Without understanding why she felt elated, perhaps because his recognition of her, and his inclination to chat, gave substance to Maureen O’Keefe’s assurances of a swift recovery. Mrs Handcock read good news in her face and in the demand for a pot of strong tea. ‘Is ’er comin’ round, then? Is ’er really on the mend, do ee’ think?’ she asked and Claire told her that he was very definitely on the mend, and that she could pop in and have a word with him after the doctor had been. The bulletin transformed the housekeeper. She puffed out her cheeks with relief and waddled to and fro laying the tea-tray, saying, ‘Tiz been a turrible carry-on about yer, Miss Claire! A
turrible
carry-on! Right plaized to zee
you
back I be for mebbe you c’n maake ’un smile again! What with one thing and another us didden know ’ow ’twould end sometimes. My Horace has been in a rare ole tizzy about ’un, I can tell ’ee!’
‘I can believe it, Mrs Handcock,’ said Claire, and took the tray up the backstairs to the bedroom, cooling the first cup with plenty of milk in case he spilled it, then putting her arm round his shoulders to steady him as he lifted it to his mouth with his free hand.
He drank it gratefully and asked for another and hotter cup but while she was pouring he passed his hand over his chin and exclaimed, ‘Good God, I’ve got half-an-inch of stubble! Why the devil didn’t somebody shave me before they brought you here?’ and she laughed and said she would shave him herself if the doctor gave permission and then let him drink his second cup without help, remembering the stress laid upon such niceties in the lecture entitled, ‘Convalescence!’
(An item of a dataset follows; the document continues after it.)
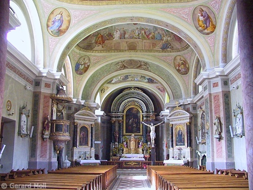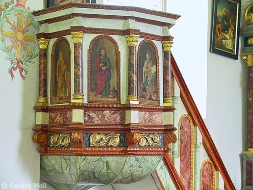 Bild in Lightbox öffnen (open image in lightbox). Von der alten Kirche blieben beim Neubau 1838 nur noch die Seitenkapelle von 1581 und der spätgotische Turm erhalten. Kuppelbilder aus dem späten 19. Jahrhundert.

‘All right,’ he said, when she had relieved him of the cup, ‘now you can tell me how you happen to be here and something of what’s going on. That woman doctor can’t because she’s a stranger here and as for John Rudd, he fusses like an old hen every time I ask him a straightforward question! All I get from him is “Don’t fret, Boy! Leave everything to me!” as if that helps a man to clear his head!’
‘Well, he’s right,’ she said, ‘for you have been rather ill, you know. Apart from being badly knocked about you had pneumonia and pneumonia plus broken ribs can be very dangerous.’
He grinned and she realised he was laughing at her readiness to dispense medical knowledge.
‘So you sold that wretched tea-shop and took up nursing?’
‘No,’ she said, ‘but I might. I was always interested in nursing and would have gone in for it years ago if Father hadn’t sat on the idea. I enrolled for a V.A.D. course at St Thomas’s when I left Penshurst and opened a shop in London.’